Nos 31 dias decorridos de maio, o Espírito Santo registrou 78 homicídios dolosos, sendo assim o menor número de assassinatos para um mês em 2023. No total, o Estado acumula 439 mortes violentas em cinco meses, sendo esse o segundo melhor resultado da série histórica, iniciada em 1996, perdendo apenas para o ano passado, que apresentou 412 crimes, no mesmo período.

Até o momento, os dados mostram que 2023 está menos violento que 2019, por exemplo, ano em que os assassinatos fecharam em menos de mil casos. Dentro dos objetivos do Programa Estado Presente em Defesa da Vida, liderado diretamente pelo governador Renato Casagrande, o Espírito Santo vem apresentando redução nos homicídios nos últimos anos.

Segundo o coordenador do Programa Estado Presente, o secretário de Estado de Economia e Planejamento, Álvaro Duboc, não há nenhum motivo para comemoração e o desafio é grande quando se trata da Segurança Pública.

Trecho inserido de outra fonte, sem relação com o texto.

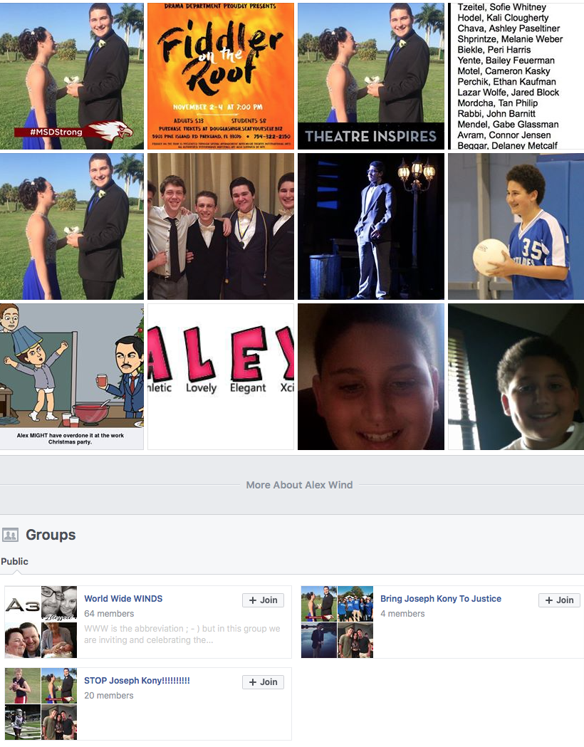 Now guess who helped head up the Kony2012/Invisible Children campaign for the US State Department? None other than Brennan Gilmore who was the main media personality/witness for the Charlottesville car incident in summer 2017. Thus, it is quite an interesting coincidence that these Kony2012 groups are the only groups (aside from a family genealogy group) on the Facebook page of Alex Wind, student actor and one of the lead media promoted personalities for the Parkland shooting event.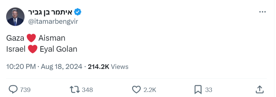 National Security Minister Itamar Ben-Gvir said: “Isman’s lunacy continues. Instead of investing in Israel’s war efforts, Isman invests in Sinwar’s war efforts. I call on the Justice Minister and the Prime Minister to bring a resolution to the next Cabinet meeting to immediately remove him from office.”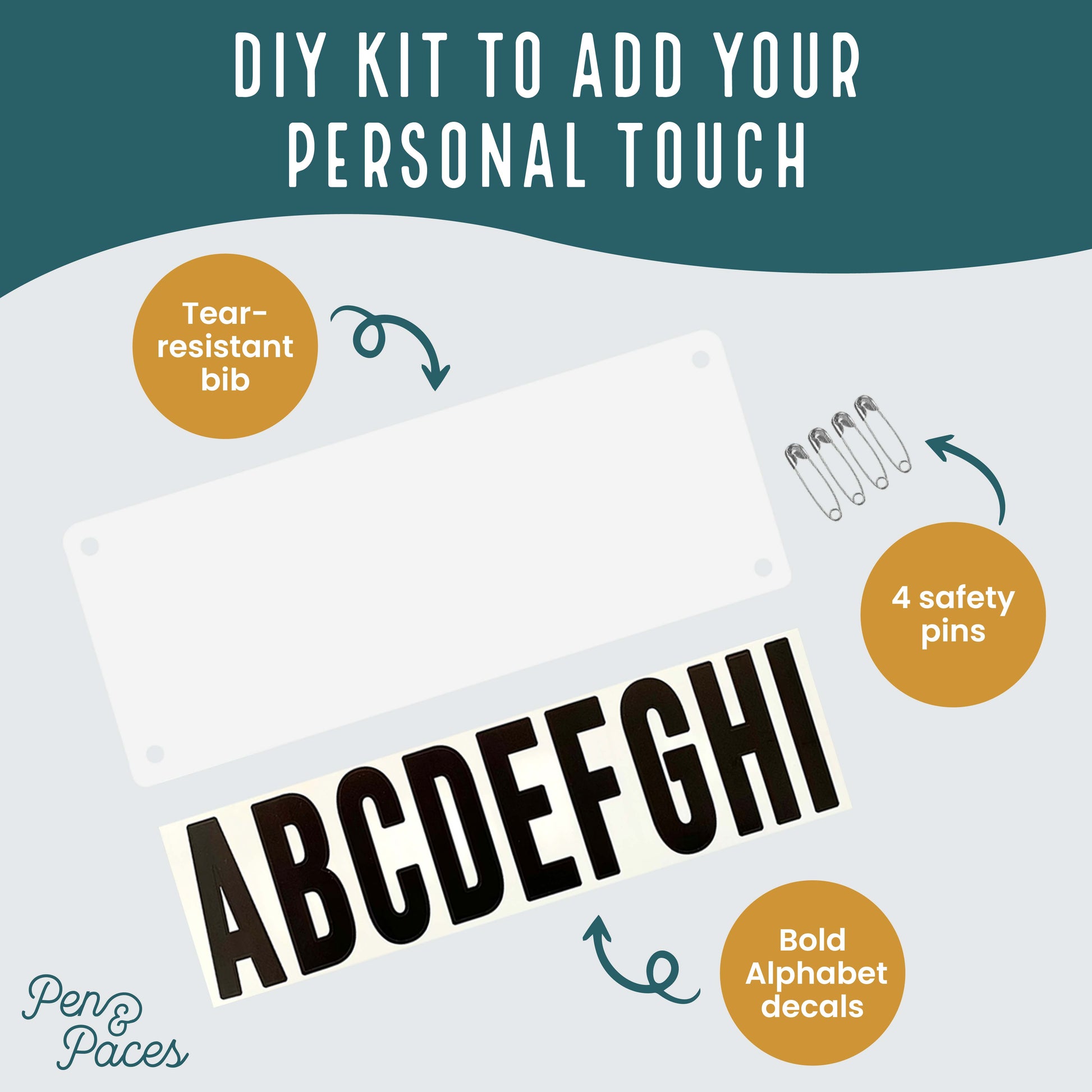 - 1 waterproof + tearproof reversible name bib (8.25" x 3.25")

“O desafio na segurança pública é constante. Como o governador Renato Casagrande costuma dizer: enquanto estivermos perdendo uma única vida no Espírito Santo, não há motivos para comemoração. As estatísticas nos mostram que as ações do programa Estado Presente refletem em resultados efetivos e que estamos no caminho certo. Mas ainda temos muito para fazer. Os resultados nos motivam a seguir e também a potencializar, cada vez mais, os investimentos na estruturação, modernização, capacitação e trabalho articulado entre as nossas forças policiais, combinadas com as ações de proteção social, especialmente nos territórios mais vulneráveis do Estado”, disse.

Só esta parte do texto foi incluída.